Our first conversation is with George E. Reedy, who has had a distinguished career as an educator, author, and public servant. Mr. Reedy was, of course, press secretary and consultant to Lyndon Johnson when LBJ was President....

LOGSDON: Give us a sense of how you and Senator Johnson interacted on the space issue in the immediate aftermath of Sputnik and then as the space program took shape during 1958.

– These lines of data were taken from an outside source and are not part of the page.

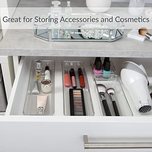 Menu 1. We require immediate payment. 2. We currently accept payment via eBay managed payments only. 3. Once payment is cleared, we will dispatch your shipment within 1-3 business days. Please refer to the "Shipping" tab for more information regarding shipping speed to your destination. 4 Piece Multipurpose Drawer Organizers | Bathroom | Vanity | Cosmetic & Jewelry Storage | Kitchen | Clear Product description Dimensions: 4 Piece Set. Large (2): 12.75" x 3.6" x 1.9", Medium: 9.1" x 3.6" x 1.9", Small: 3.6" x 3.6" x 1.9" Drawer Organizer: These are the perfect size to fit in your drawers. It helps you to keep your drawer organized. Multipurpose: It is ideal for your bathroom, office, kitchen, or any room. You can store hair accessories, jewelry, and toiletries in it. It is also good for holding small office supplies like paper clips. Clear Design: The clear design of the organizer makes finding what you need easy, and it goes with any room’s décor. Inner Lining: Each compartment has a skid resistant inner lining that protects your items and prevents them from sliding around too much when you open and close your drawer. PLEASE MESSAGE US IF YOU HAVE ANY OTHER QUESTIONS, AND MANY THANKS FOR READING ALL OF THIS. Copyright ©#. All Rights Reserved.
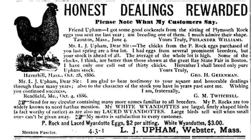 These chickens were first recognized as a breed in Massachusetts in 1849—then, they just mysteriously disappeared for about 20 years. Finally, around 1869, a Mr. L.J. Upham of Worcester, Massachusetts began breeding barred males and Java hens in the attempt to create a breed with a lovely barred plumage and clean legs. As a result, Mr. Upham’s birds have become known as the ancestors of today’s Plymouth Rock.
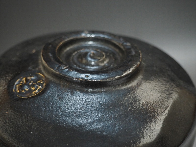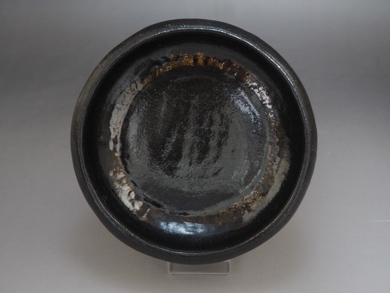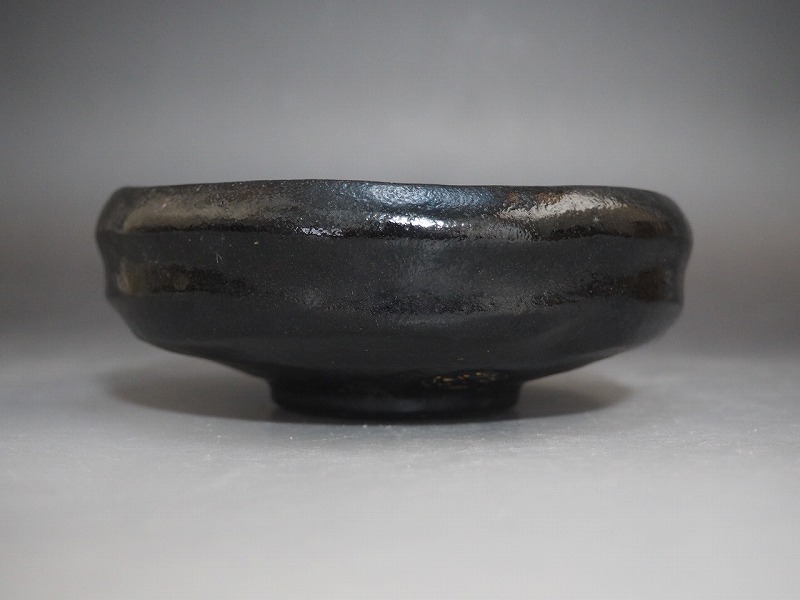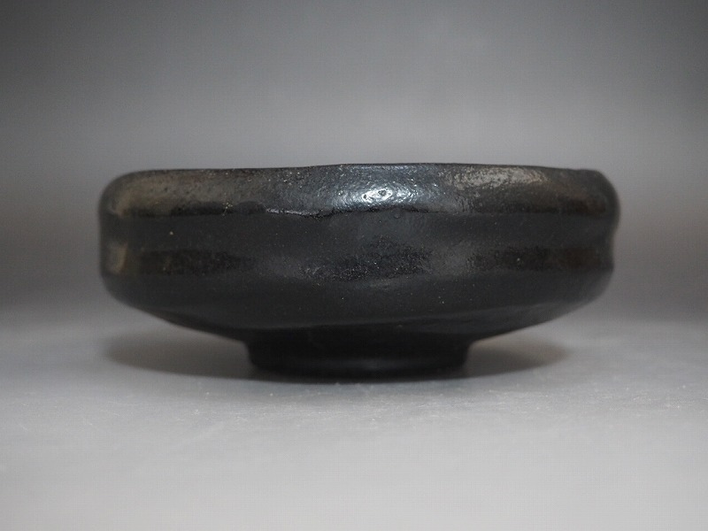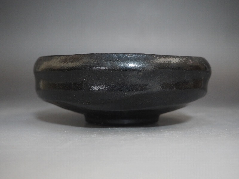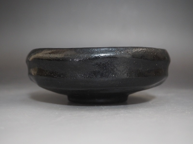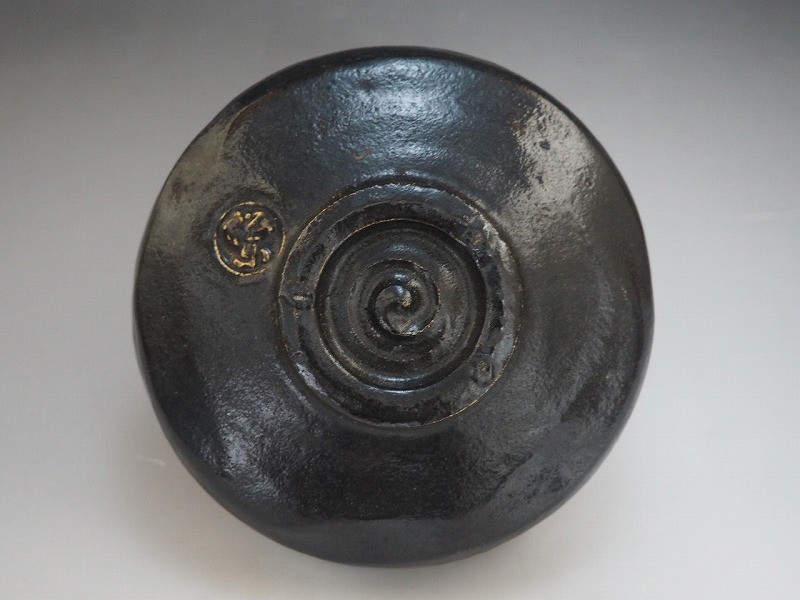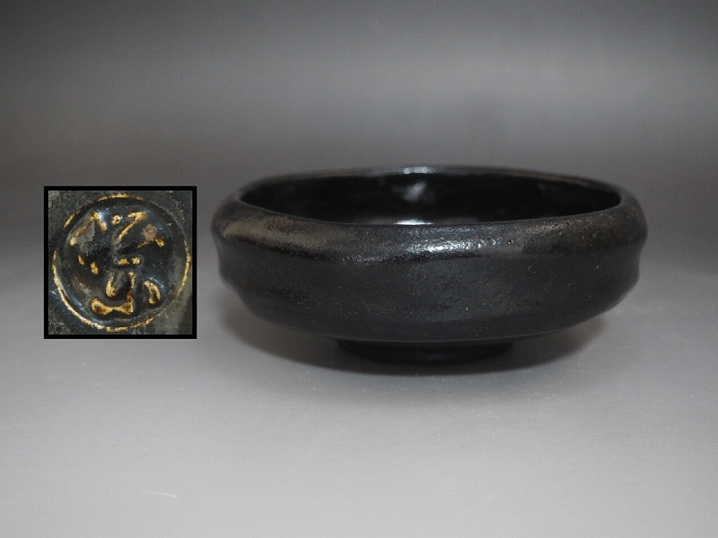 A4118 佐々木松楽 作 黒楽 馬盥茶碗 ☆ 茶道具 茶器 抹茶器 茶懐石 茶事 茶碗 抹茶碗 楽茶碗 楽焼 陶器 作家物 在銘 陶印 美品 良品 無傷 | ||
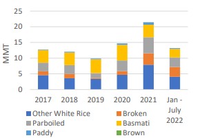Индия поставляет более половины мирового экспорта дробленого риса. В результате этого запрета прогноз общего экспорта риса был снижен до 20,3 млн тонн на 2022 год и 20,0 млн тонн на 2023 год.
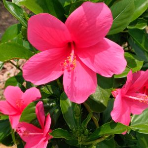 2投稿目!(^_-)-☆ 小ぶりなハイビスカス🌺 一気に咲いてきました!😍 蕾も沢山あって…🎶!!
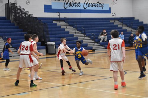 Bishop Grimes Jr./Sr. High School played host to basketball teams from Holy Cross, Cathedral Academy at Pompei, and Holy Family Jan. 27; a similar day of games had previously been hosted at Christian Brothers Academy. Since many of the young players will likely attend Grimes or CBA one day, “I wanted them to get an experience, more than anything, at their future prospective schools,” said PJ Herron, physical education teacher and athletic director for Holy Cross School, who organized the day. “So far I feel like they love it.” Above, CAP and Holy Cross face off; Holy Cross won the close game, 41 to 39. (Sun photo | Katherine Long)
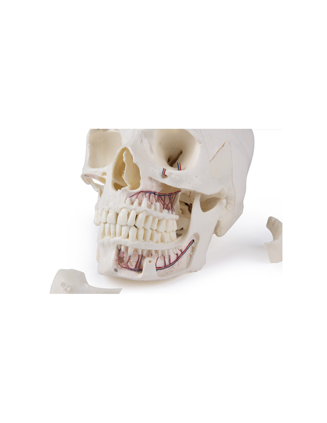La mâchoire et la mandibule exposent les structures de la dentition, les racines, la marge osseuse du processus alvéolaire, les vaisseaux dentaires et les nerfs sont visibles. Le sinus maxillaire peut être ouvert en enlevant un morceau osseux.
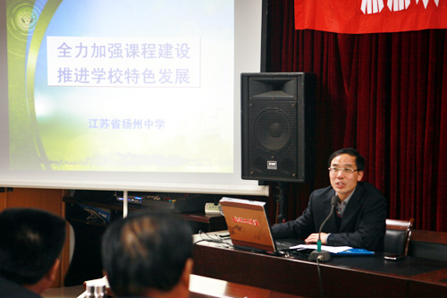 在综合楼五楼北会议室,赵浩岭副校长以《全力加强课程建设 推进学校特色发展》为主题,向考察团一行重点介绍了我校初步构建的体现科学与人文相融合办学特色的学校课程体系,即规定性课程、拓展性课程和自主性课程,同时介绍了我校具体实施这三类课程注重坚持的“四个原则”,即结构性原则、生成性原则、参与性原则和差异性原则,获得了考察团的较好评价,他们纷纷表示希望与我校加强合作,从而进一步推进学校课程改革,培育学校的发展特色。
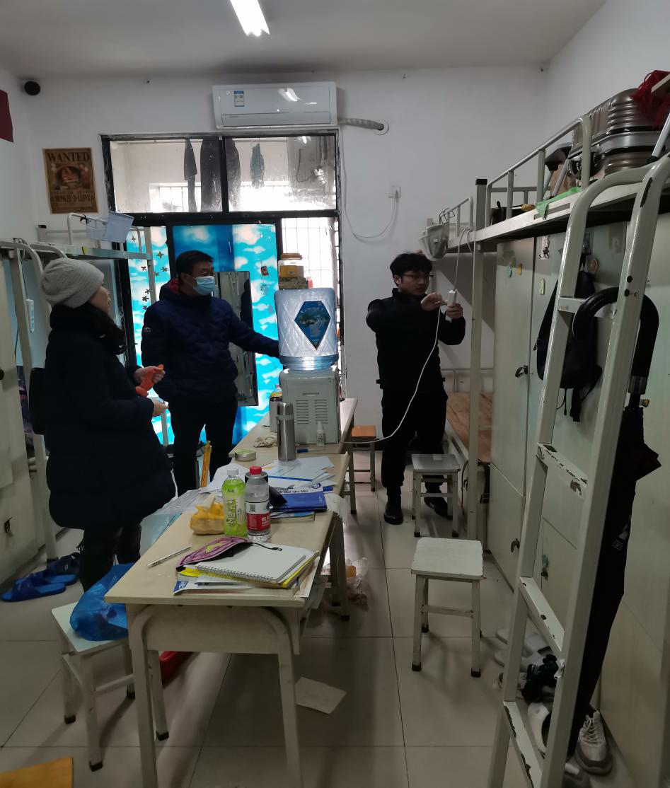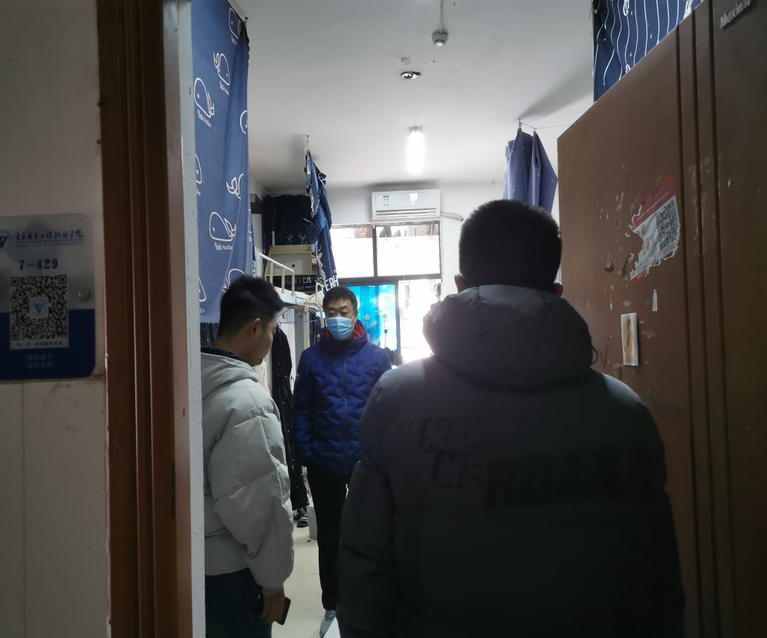 为贯彻落实教育部、市教委有关会议和相关精神,及学校关于切实做好寒假(春节)期间疫情常态化的学校安全稳定工作的通知。1月18日,电子与物联网学院党总支书记张红斌、党总支副书记毛弋带领全院辅导员、班主任深入学生宿舍认真检查学生“三关”(关水、关电、关门窗)落实情况,做好防火、防盗工作,同时了解留校学生的实际情况,站好最后一班岗。
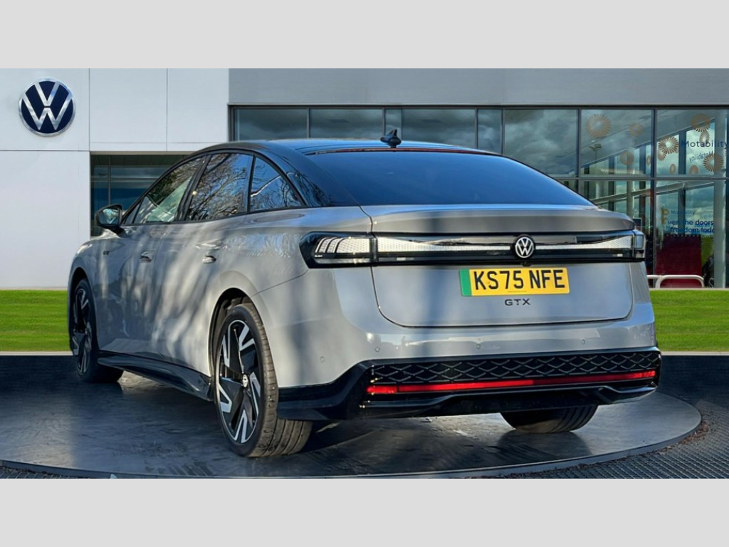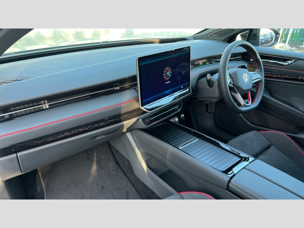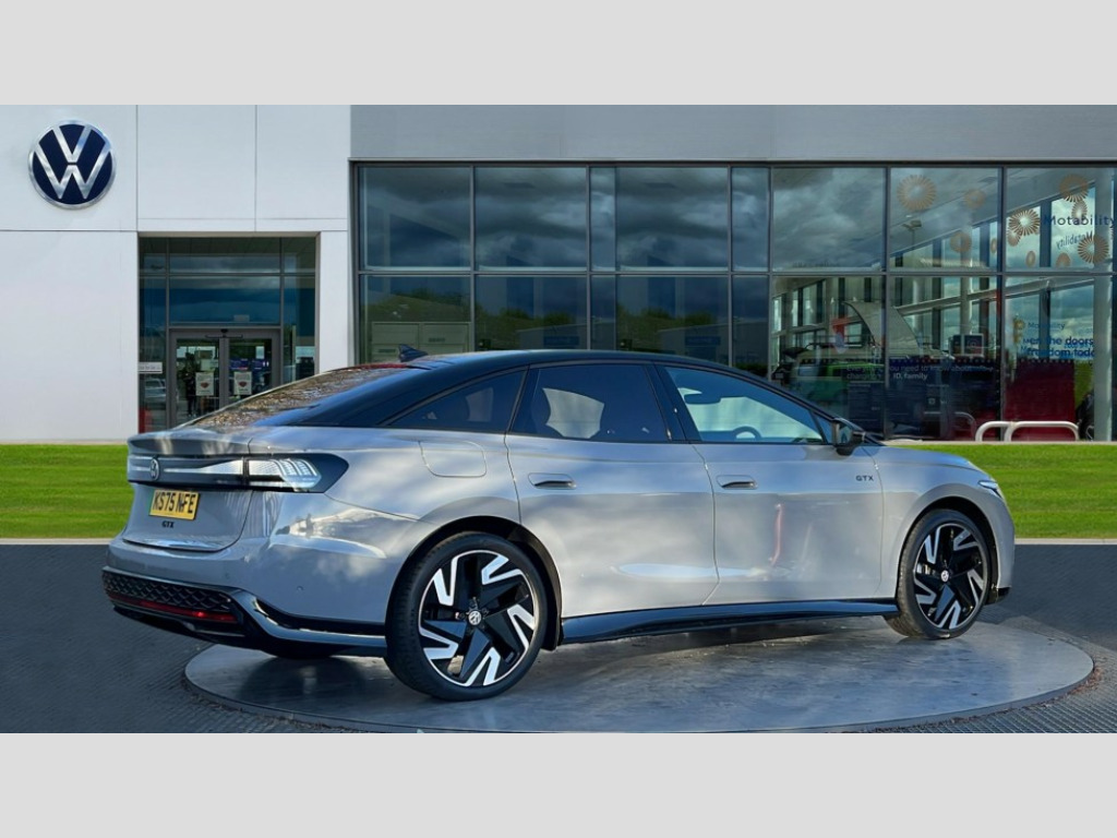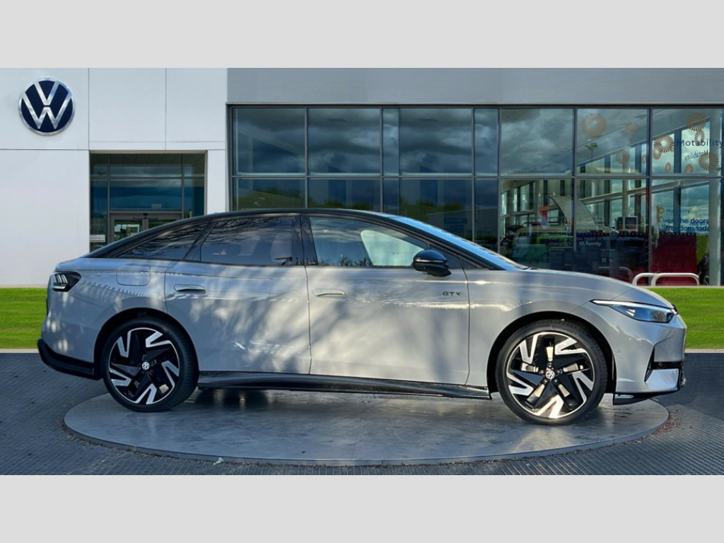 Volkswagen Id.7 250kW 4MOTION GTX Plus 86kWh 5dr Auto Adaptive cruise control, Advanced driver attention and drowsiness monitor, Area view including rear view camera, Augmented reality head up display, Car2X intelligent vehicle networking, Digital instrument cluster, Discover pro navigation system with 15" centre display, media and internet package, Dynamic road sign display, Electric tailgate, Emergency call service, Engine start button, Lane change system, Side assist, Rear traffic alert and Exit warning system, Memory feature for park assist, Oncoming vehicle braking when turning including swerve support, Park assist plus with park distance control, Parking route memory, Power assisted speed sensitive steering, Preparation for Volkswagen connect, Semi-automatic vehicle control in an emergency, Speedo and rev counter, electronic odometer, trip, service interval display and exterior temperature gauge, Traffic jam assist, Travel assist with lane assist and emergency assist, Voice activation for navigation and phone, Wireless App-Connect, Wireless Smartphone charger, Charging cable mode 3, Type 2: 7.2kW 1-Phase/11kW 3-Phase (32A), Standard electronic engine sound actuator, DAB+ radio, Gaming platform via car app, Harman Kardon sound system with 12 speakers, digital 16-channel amplifier, subwoofer and 700W total power output, AC Charging socket, Advanced dynamic light assist for LED matrix headlights, Auto dimming rear view mirror, Body colour sports bumpers, Charging flap with weather protection, Dynamic headlight range control with dynamic cornering light, Exterior mirrors convex on the left and aspherical on the right, Front and rear electric windows, Gloss black door mirrors with integrated indicators, Heated door mirrors, High beam assist with automatic sensing for switching between dipped and main beam, Illuminated emblem in front and rear and lightline between headlamp with illuminated door handle recesses, IQ.LIGHT - LED matrix headlights with automatic headlight control, LED 3rd brake light, LED daytime running lights, LED indicator lights, LED rear combination lights, Poor weather light and cornering light, Privacy glass for rear side windows and rear window, Rain sensor, Rear side wing doors, Rear wiper, Remote electrically foldable door mirrors, puddle lights and reverse activated tilting door mirror, Roof aerial, Sound insulating laminated safety glass from B-pillar backwards, Welcome lights, 12 way power seat adjustment for both front seats, with memory feature and seat depth adjustment, 2 USB-C ports in the front, 2 USB-C charging sockets on the center console in the rear, 3 zone air care climatronic with rear air conditioning control panel, 30 colours interior ambient lighting with ID light, Allergen filter and enhanced air filter, Art Velours Prefarated eco microfleece cloth upholstery with seat bolsters inserts in Alex for front and outer rear seats, Black carpet mats, Centre console with illuminated storage compartment with sliding cover and two drinks holders, Door and side trim panel in foam film, insert in leatherette, Electric auxiliary air heater, Energy efficient heat pump with refrigerant, ErgoActive comfort seats in front, First aid kit, warning triangle and safety vest, Front centre armrest, Heated front and outer rear seats, Isofix child seat preparation, Leatherette-wrapped multifunction heated steering wheel with touch control, Luggage compartment floor, folding with stowage area, Luggage net and storage net on sides, Matt black interior door handles, Play and pause stainless steel pedals, Power adjustable lumbar support in front, Rear centre headrest, Rear seat bench unsplit, backrest split folding with center armrest including 2 cup holders, Separately controlled seat heater for front and rear seats, Single front passenger seat, Sun visors with illuminated vanity mirrors, System optimised front head restraints, Variable boot floor, height adjustable and removable, Ventilated massage seats for front, Exterior plus pack - ID.7 GTX, 3 point seat belts in front with seat belt pretensioners, 3x3 point rear seatbelts, ABS, Autonomous emergency braking front assist with pedestrian and cyclist monitoring, Brake energy recuperation, Centre airbag, Driver and front passenger airbag with front passenger airbag deactivation, Electric parking brake, ESP, Extended safety system with proactive passenger protection system, Front and rear curtain airbags, Front and rear side airbags, Front disc brakes, Rear door child safety locks, Rear drum brakes, Two tone horn, Tyre pressure warning, Warning signal and warning light for front and rear seat belts not fastened, Anti theft alarm, Anti theft wheel bolts, Immobiliser, Keyless entry and start with safelock, Comfort dashboard in soul black, Tool kit for tyre mobility

REEDY: Well, in the immediate aftermath, for about two weeks I merely let the thing vegetate. Senator Johnson had so many problems on his mind that I doubt whether he devoted too much attention to it. We were both down in Texas. I was living in Austin there at the time. We had some very difficult years ahead of us. The next year was going to be a campaign year, which meant that the Senate would be very difficult to lead and for a while I sort of put the space thing on the back burner. But what got me out of it was a visit from Charles S. Brewton, who has now unfortunately passed away, but for whose political acumen I had great deal of respect. I think that if there is a father to the Space Act it was probably Charley Brewton, of whom very few people have ever heard. Charley had been Senator Lister Hill's administrative assistant. I had never known him to be wrong in judging the public. He came down to see me, and said that the Space Act was so tremendous. It could first of all clobber the Republicans, secondly lead to tremendous advances, and, third, elect Lyndon Johnson as president. Well, I told him that Lyndon Johnson was not interested in running for the presidency. He said that was all right with him, he would settle for clobbering the Republicans. He was a Democrat. He insisted we drive out of Austin and out into the hill country right around Austin. We found a little mound where we could look and see hundreds of miles of practically nothing. He began to talk about the space program; that man had really mastered the drift of it, the poetry. He didn't know very much about outer space but he had grasped immediately the fact that this was something that could change the whole way that we lived; it could change our nation. He convinced me. I remember going back that night. My mind was just full of it. I sat up most of the night reading everything that I could. And I wrote the Senator a long memorandum the next day, which went beyond Charley's thinking because I knew a little more about space.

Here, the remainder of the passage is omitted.